=== RECORDS PROVIDED ===

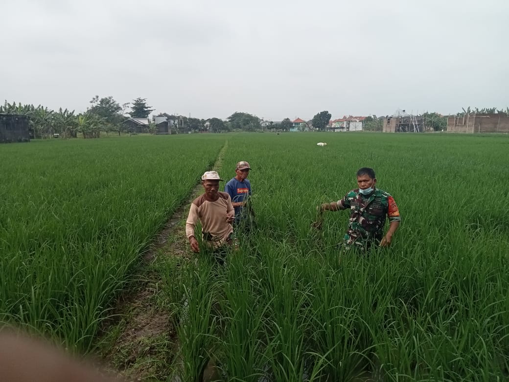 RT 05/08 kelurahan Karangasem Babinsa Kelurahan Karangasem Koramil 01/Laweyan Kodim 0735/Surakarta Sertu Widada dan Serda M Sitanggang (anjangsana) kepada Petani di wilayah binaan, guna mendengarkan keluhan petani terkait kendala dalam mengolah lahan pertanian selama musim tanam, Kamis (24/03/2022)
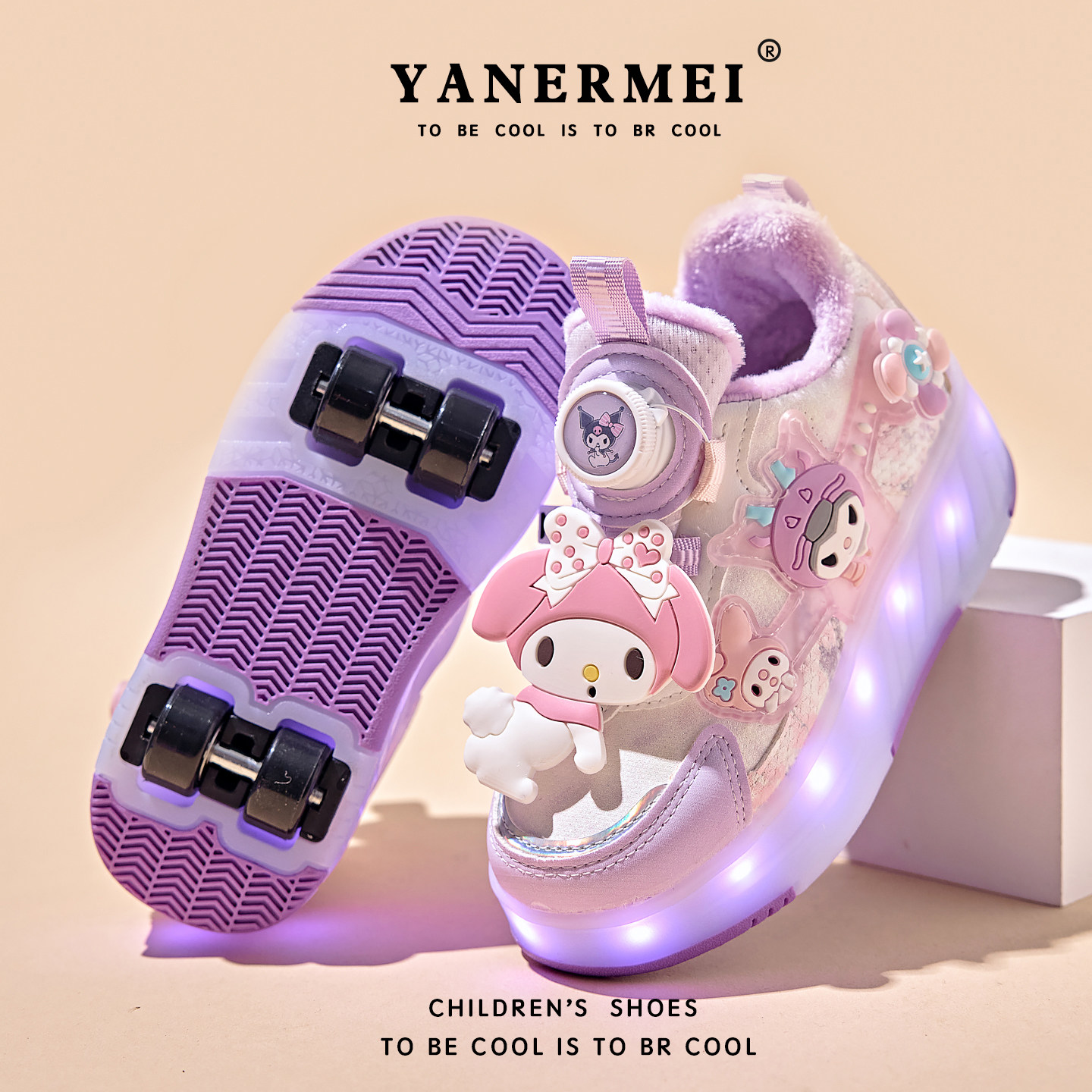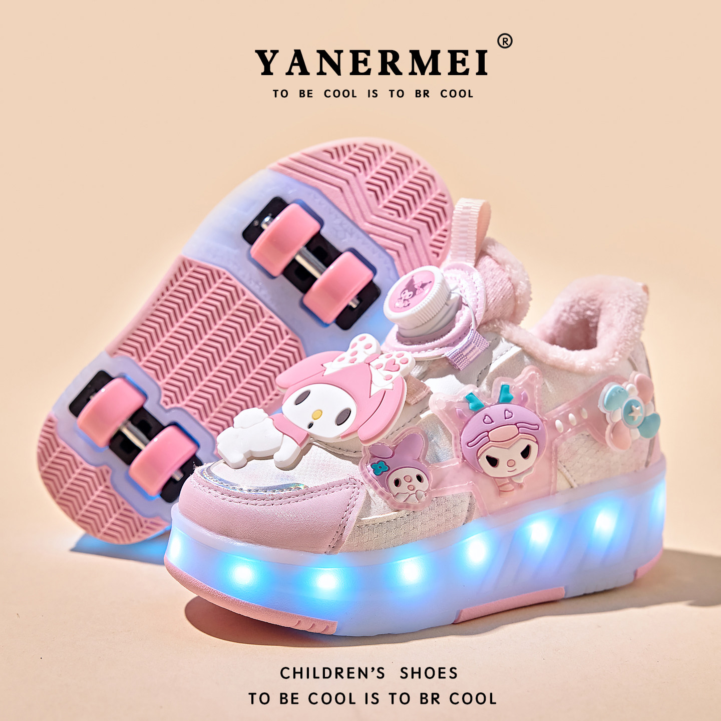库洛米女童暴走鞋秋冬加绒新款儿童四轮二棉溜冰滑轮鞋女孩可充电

===
=== RECORDS PROVIDED ===

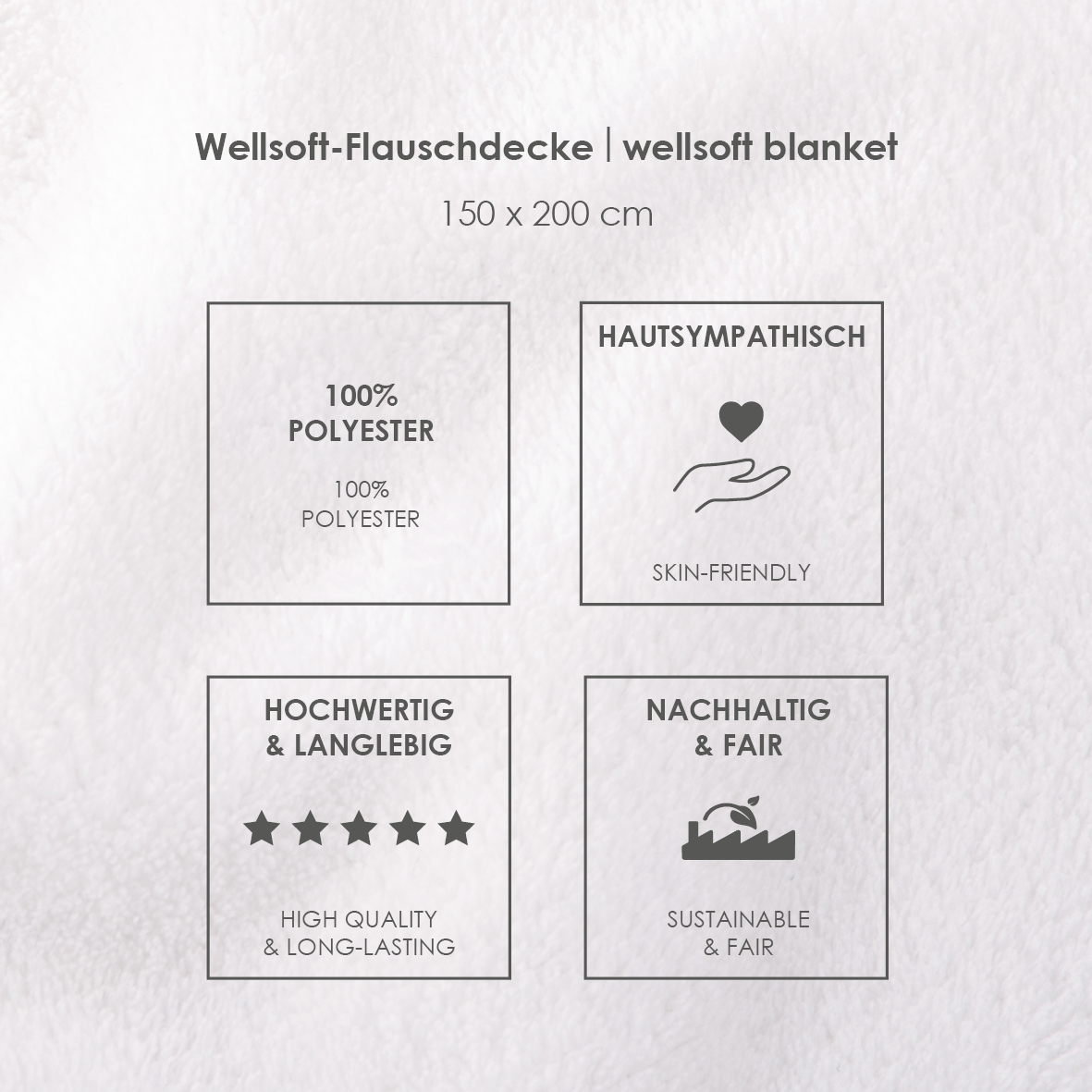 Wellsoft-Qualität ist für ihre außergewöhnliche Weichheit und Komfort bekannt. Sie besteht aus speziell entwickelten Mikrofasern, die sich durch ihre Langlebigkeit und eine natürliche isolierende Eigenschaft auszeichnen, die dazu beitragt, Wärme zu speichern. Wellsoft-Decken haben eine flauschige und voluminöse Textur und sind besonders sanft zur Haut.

===

§ **DIRECTIONS FOR THIS TASK**:
Starting with the line above that holds "RT 05/08 kelurahan", restate each line word for word up to and including the line that holds "库洛米女童暴走鞋秋冬加绒新款儿童四轮二棉溜冰滑轮鞋女孩可充电". Drop the pictures.

§ **RESPONSE TO THE TASK**:
 RT 05/08 kelurahan Karangasem Babinsa Kelurahan Karangasem Koramil 01/Laweyan Kodim 0735/Surakarta Sertu Widada dan Serda M Sitanggang (anjangsana) kepada Petani di wilayah binaan, guna mendengarkan keluhan petani terkait kendala dalam mengolah lahan pertanian selama musim tanam, Kamis (24/03/2022)
库洛米女童暴走鞋秋冬加绒新款儿童四轮二棉溜冰滑轮鞋女孩可充电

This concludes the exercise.